GPU compute is billed by the hour. Every idle instance is wasted money.

## Monitor your spend

```bash theme={"theme":"github-dark"}
runcrate billing balance     # Current credit balance
runcrate billing usage       # Per-instance spending breakdown
runcrate ps                  # List running instances (all billing right now)
```

## Pick the right GPU

| Workload                 | Recommended GPU | Hourly cost |
| ------------------------ | --------------- | ----------- |
| Inference (7B-8B models) | RTX 4090        | \~\$0.35/hr |
| Inference (70B models)   | A100 80 GB      | \~\$1.60/hr |
| Fine-tuning (7B QLoRA)   | RTX 4090        | \~\$0.35/hr |
| Fine-tuning (70B QLoRA)  | A100 80 GB      | \~\$1.60/hr |
| Training (custom models) | H100            | \~\$2.50/hr |

```bash theme={"theme":"github-dark"}
runcrate instances types     # Browse GPUs and pricing
```

## Delete instances when done

```bash theme={"theme":"github-dark"}
runcrate instances delete <name>
runcrate ps                  # Verify nothing is left running
```

## Use volumes to avoid re-setup costs

Re-downloading models wastes 10-30 minutes of GPU time per session:

```bash theme={"theme":"github-dark"}
runcrate volumes create --name workspace --size 100
runcrate instances create --name dev --gpu RTX4090 --template ubuntu-devbox --storage workspace
```

Models and packages at `/workspace/` persist across deploys.

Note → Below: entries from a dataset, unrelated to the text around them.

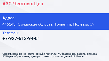 АЗС Честных Цен по адресу 445143, Самарская область, Тольятти, Полевая, 59 в дальнейшем Организация, размещена в следующих категориях:
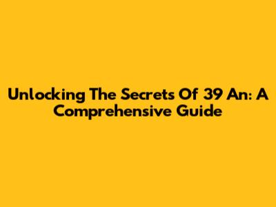 Unlocking The Secrets Of 39 An: A Comprehensive Guide
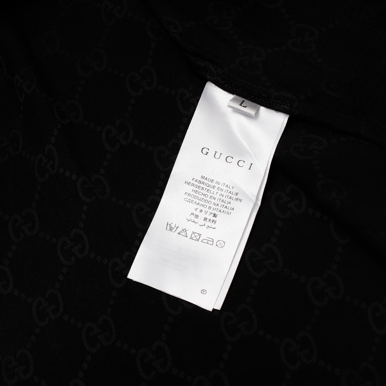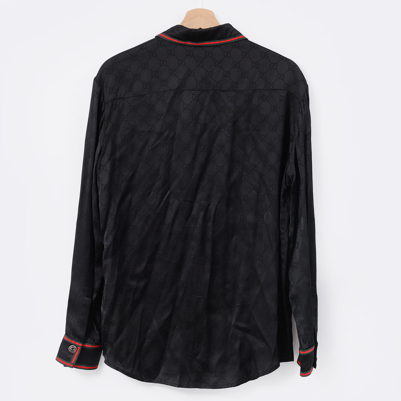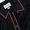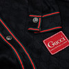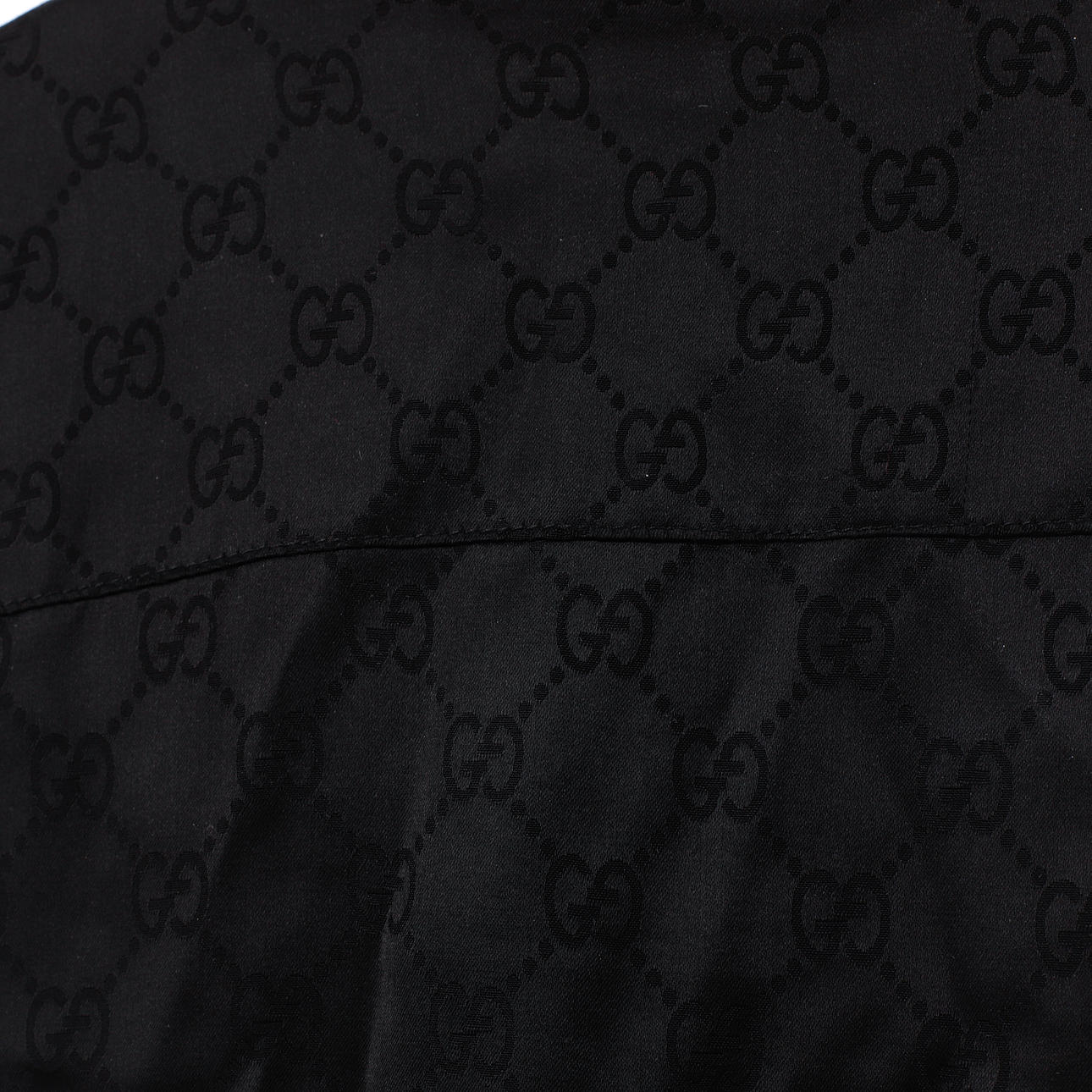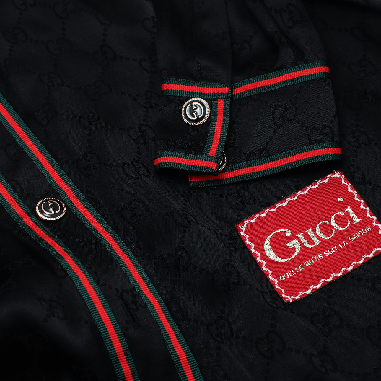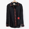Black fabric with monogram pattern, buttons in gold colored metal. Made in Italy, according to label size L. Back length approx. 76 cm, bust width approx. 112 cm, inner sleeve length approx. 46 cm.
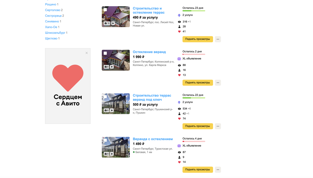 Кейс: продвижение на Авито, ниша - строительство и остекление беседок/террас/летних садов
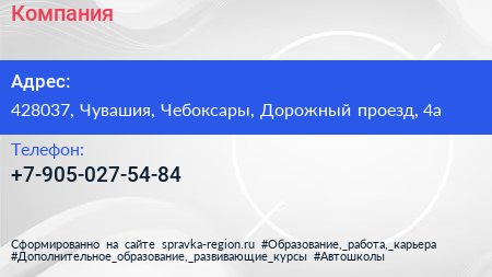 Компания по адресу 428037, Чувашия, Чебоксары, Дорожный проезд, 4а в дальнейшем Организация, размещена в следующих категориях:
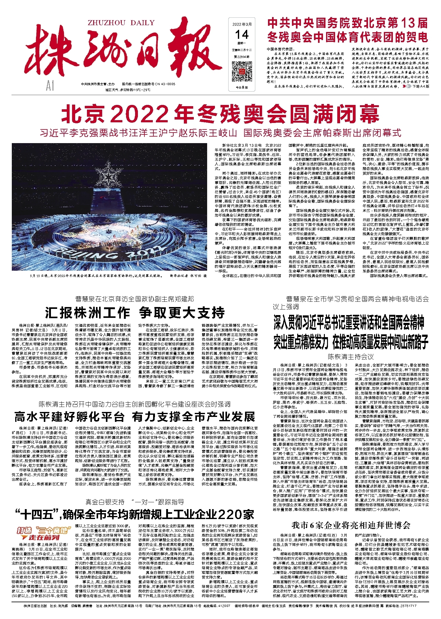 中共中央国务院致北京第13届冬残奥会中国体育代表团的贺电
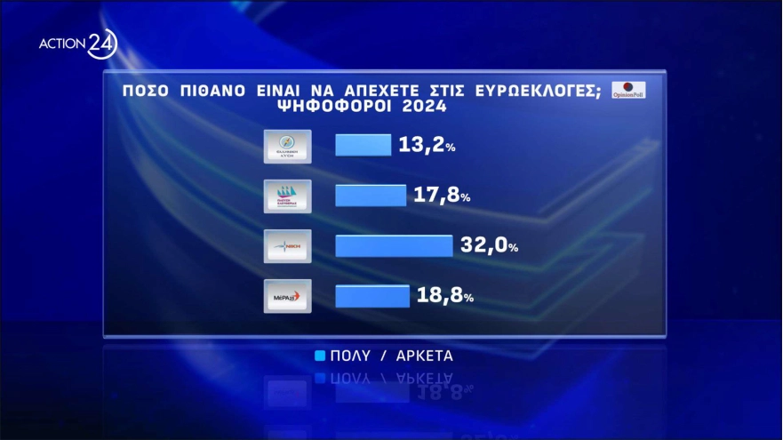 Αναλυτικά οι πίνακες της δημοσκόπησης της Οpinion Poll για το ACTION 24 που καταγράφει την πρόθεση ψήφου των πολιτών, την κατάταξη των κομμάτων και τα ποσοστά τους, χαρτογραφεί την αποχή και ακόμα πως αντιμετωπίζουν οι πολίτες τις Ευρωεκλογές, πόσοι δηλώνουν ότι είναι πιθανό να απέχουν και από ποιο κόμμα προέρχονται, έχουν ως εξής:
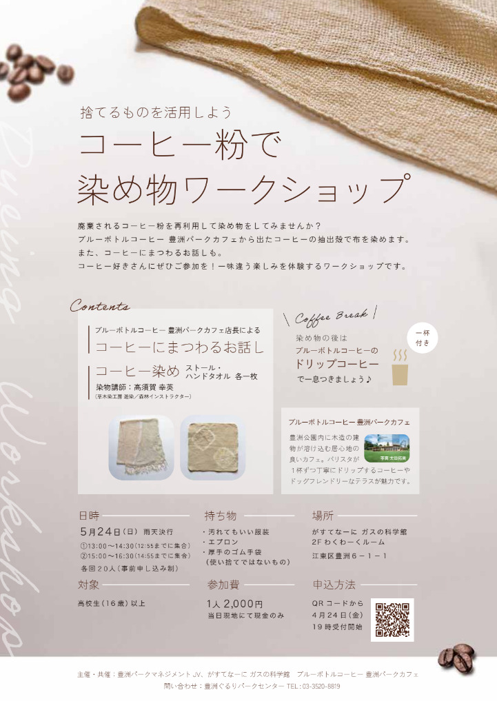 豊洲公園内の「ブルーボトルコーヒー豊洲パークカフェ」さまにご協力いただき、抽出後のコーヒー殻を使った優しい色合いの染め物と、コーヒーにまつわるお話を楽しむひとときです。
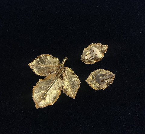Broche samt øreclips af forgyldt metal. Ustemplet.
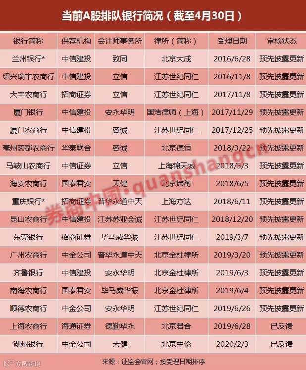 截至4月30日,当前有17家银行排队冲刺A股IPO,其中浙江绍兴瑞丰银行、厦门银行、厦门农商行、亳州药都农商行、江苏海安农商行、兰州银行、江苏大丰农商行、重庆银行、江苏昆山农商行、安徽马鞍山农商行、东莞银行、广州农商行、广东南海农商行、广东顺德农商行、齐鲁银行进入预披露更新;上海农商行、湖州银行已获反馈。
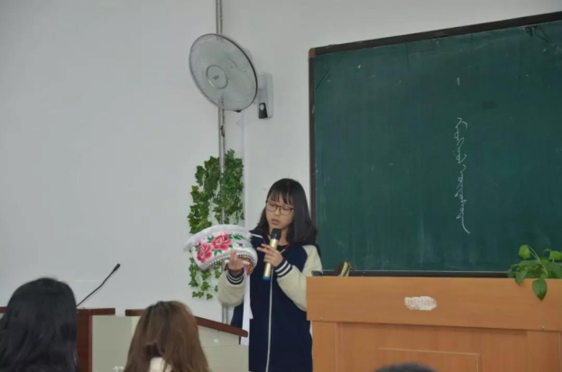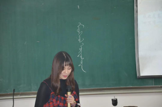 王旋,蒙古族,她在黑板上写下了隽秀的蒙古族文字,同时介绍到她们民族特色的节日、美食、服装、观光景点等,让我们了解到了我们以往不知道的蒙古族习俗!
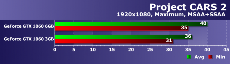 С визуальной точки зрения, Project Cars 2 является одной из самых красивых и реалистичных гоночных игр. К сожалению, в игре нет бенчмарка, зато можно записывать заезды и проигрывать их повторы, замеряя производительность рендеринга. Мы использовали профиль максимальных настроек качества (Maximum) и сочетание двух методов полноэкранного сглаживания: MSAA и SSAA — для большего раскрытия возможностей GPU и VRAM, исходя из тематики нашего материала. Подробнее о методике тестирования и графических настройках можно прочитать в обзоре игры.

## Right-size your instance

```bash theme={"theme":"github-dark"}
runcrate ssh <instance> -- nvidia-smi
```

| nvidia-smi reading           | Action                         |
| ---------------------------- | ------------------------------ |
| GPU-Util: 90%+, Memory: 80%+ | Correctly sized                |
| GPU-Util: 90%+, Memory: 40%  | Consider a GPU with less VRAM  |
| GPU-Util: 20%, Memory: 20%   | Overpaying — use a smaller GPU |

## Batch your work

Deploy, process, tear down — pay only for the minutes your job runs:

```bash theme={"theme":"github-dark"}
runcrate instances create --name batch --gpu A100 --template ubuntu-inference
runcrate cp ./inputs/ batch:/workspace/inputs/
runcrate ssh batch -- "cd /workspace && python process.py"
runcrate cp batch:/workspace/outputs/ ./outputs/
runcrate instances delete batch
```

## Use the Models API for light workloads

For inference under \~1,000 requests/day, the Models API is cheaper than a dedicated GPU:

```bash theme={"theme":"github-dark"}
curl https://api.runcrate.ai/v1/chat/completions \
  -H "Authorization: Bearer rc_live_YOUR_API_KEY" \
  -H "Content-Type: application/json" \
  -d '{
    "model": "meta-llama/Llama-3.1-8B-Instruct",
    "messages": [{"role": "user", "content": "Hello."}],
    "max_tokens": 128
  }'
```

## Quick checklist

* [ ] Run `runcrate ps` daily — kill anything not in use.
* [ ] Run `runcrate billing usage` weekly — spot unexpected charges early.
* [ ] Use volumes for models and data — avoid re-downloads.
* [ ] Match GPU to workload — check `nvidia-smi` utilization.
* [ ] Delete instances immediately after batch jobs complete.